If you don't want to be too mainstream you could also use actual colors in the specular map to not only set the specular intensity of each fragment, but also the color of the specular highlight. Realistically, however, the color of the specular highlight is mostly (to completely) determined by the light source itself so it wouldn't generate realistic visuals (that's why the images are usually black and white: we only care about the intensity).

If you would now run the application you can clearly see that the container's material now closely resembles that of an actual wooden container with steel frames:

You can find the full source code of the application here.

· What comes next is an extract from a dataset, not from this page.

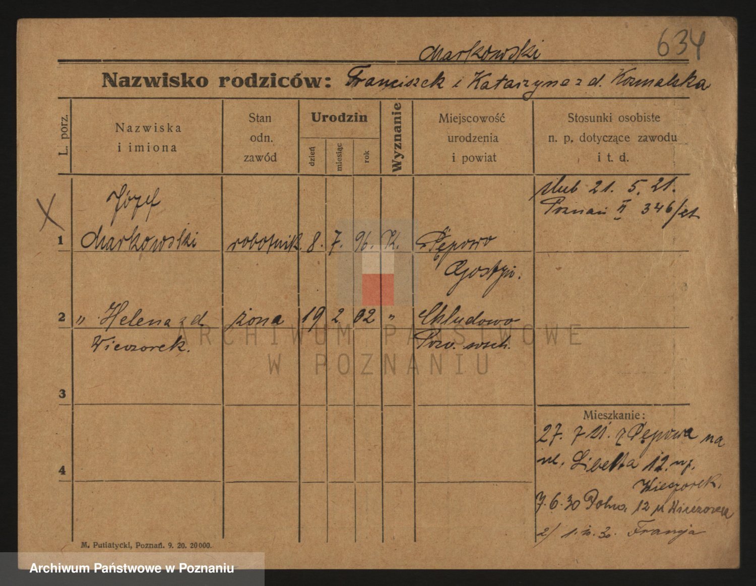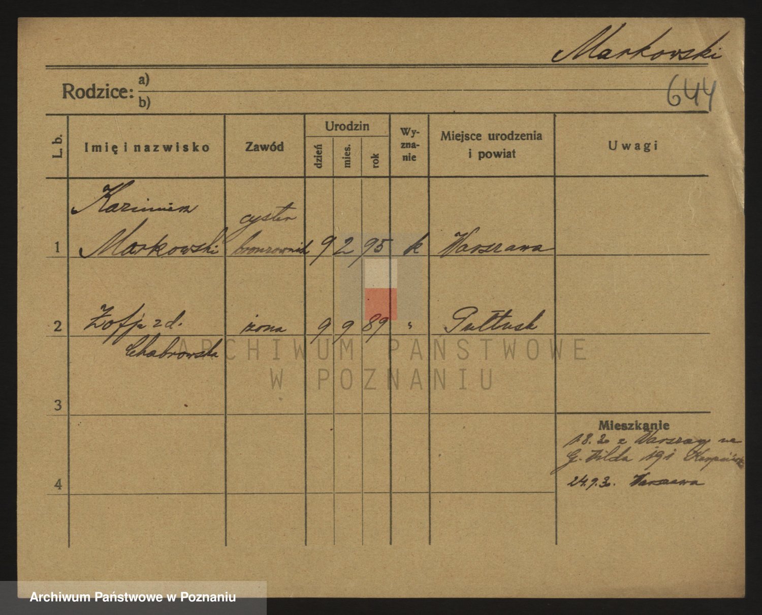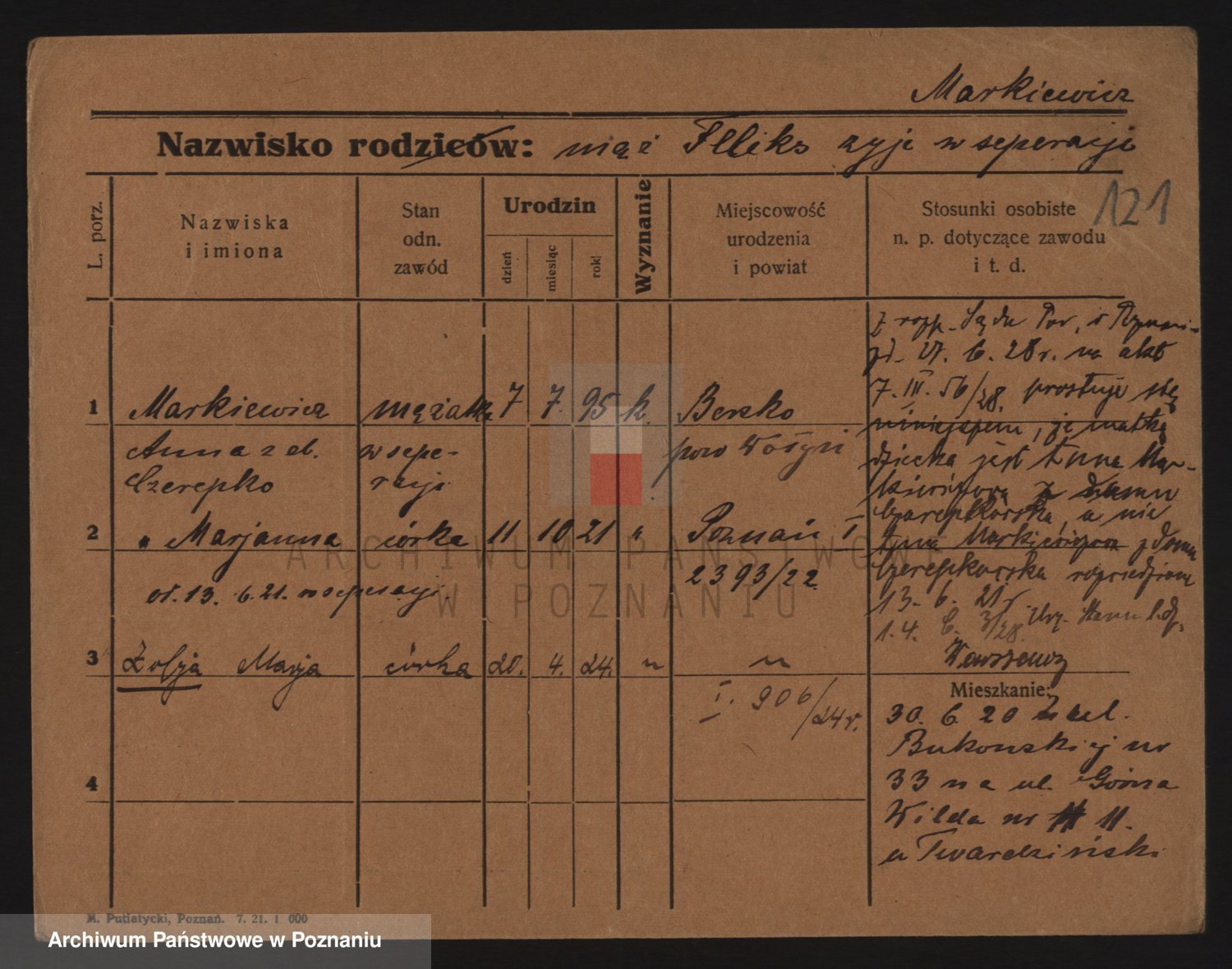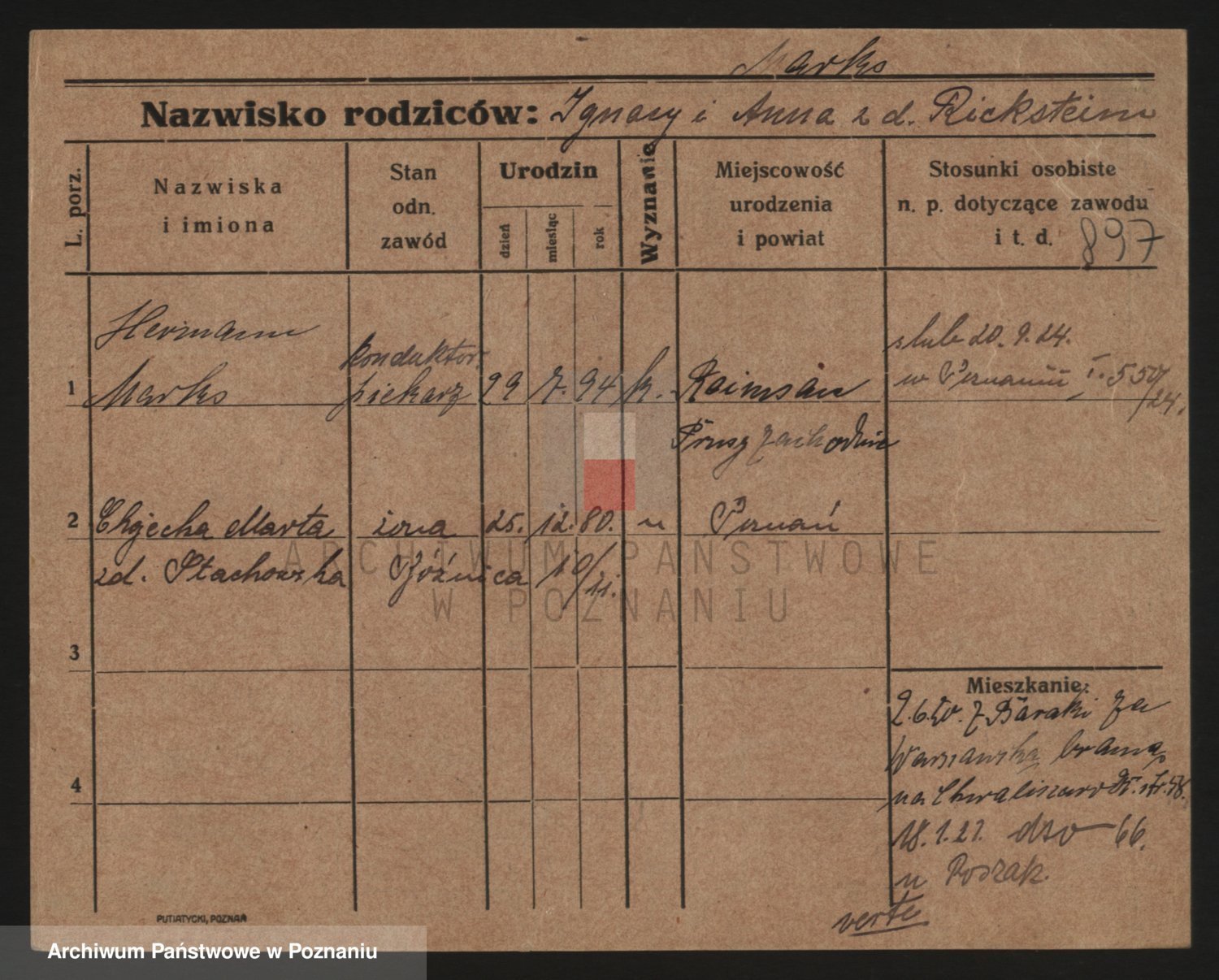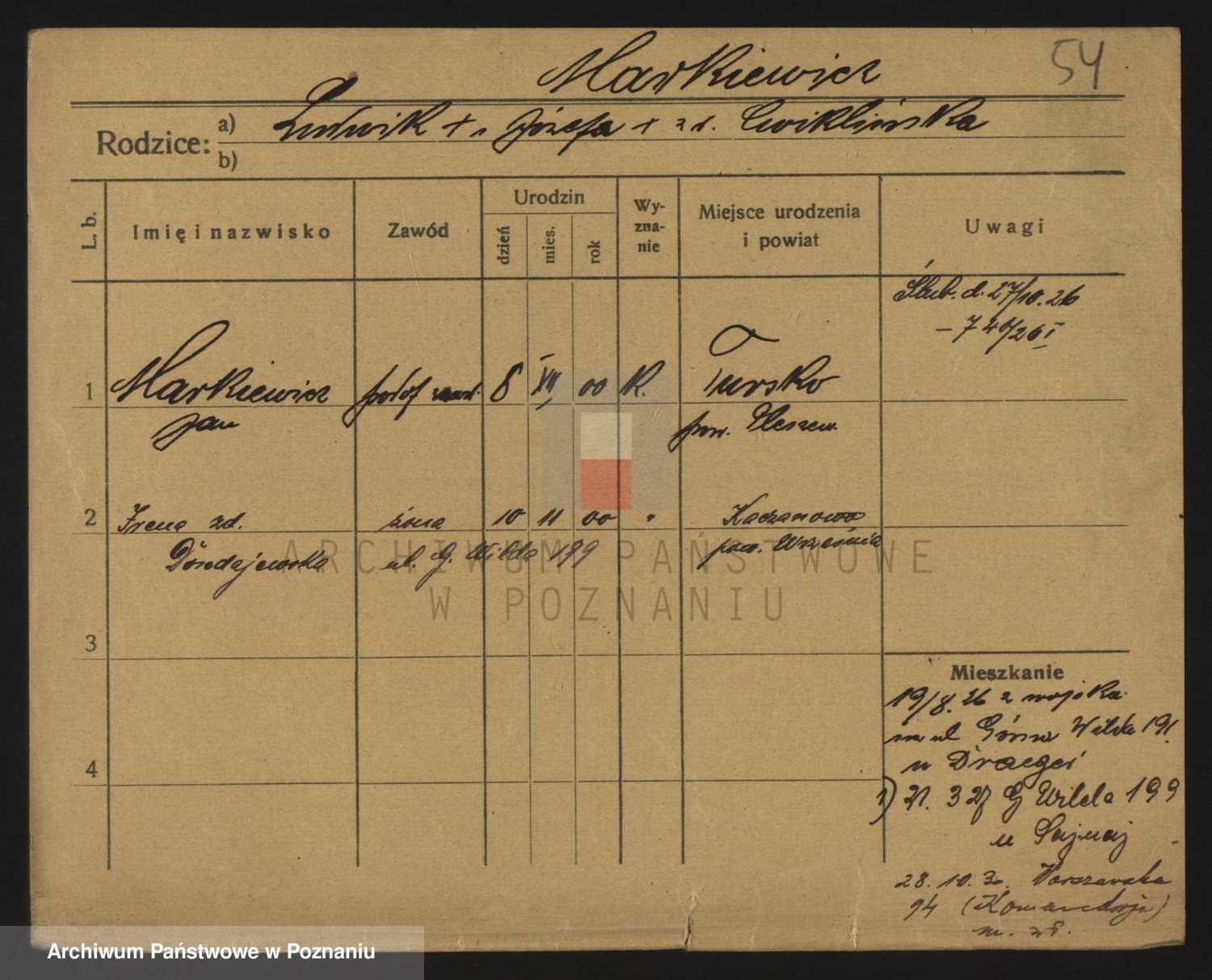 Podgląd karty osobowej dostępny jest po kliknięciu na nazwisko lub ikonkę karty. Można dokonywać powiększenia (ikony na górze) lub przechodzić między kolejnymi skanami (strzałki po bokach).

Using diffuse and specular maps we can really add an enormous amount of detail into relatively simple objects. We can even add more detail into the objects using other texture maps like normal/bump maps and/or reflection maps, but that is something we'll reserve for later tutorials. Show your container to all your friends and family and be content with the fact that our container can one day become even prettier than it already is!

## Exercises

• Fool around with the light source's ambient, diffuse and specular vectors and see how they affect the visual output of the container.
• Try inverting the color values of the specular map in the fragment shader so that the wood shows specular highlights and the steel borders do not (note that due to the cracks in the steel border the borders still show some specular highlight, although with less intensity): solution.
• Try creating a specular map from the diffuse texture that uses actual colors instead of black and white and see that the result doesn't look too realistic. You can use this colored specular map if you can't generate one yourself: result.
• Also add something they call an emission map which is a texture that stores emission values per fragment. Emission values are colors an object might emit as if it contains a light source itself; this way an object can glow regardless of the light conditions. Emission maps are often what you see when objects in a game glow (like eyes of a robot, or light strips on a container). Add the following texture (by creativesam) as an emission map onto the container as if the letters emit light: solution; result.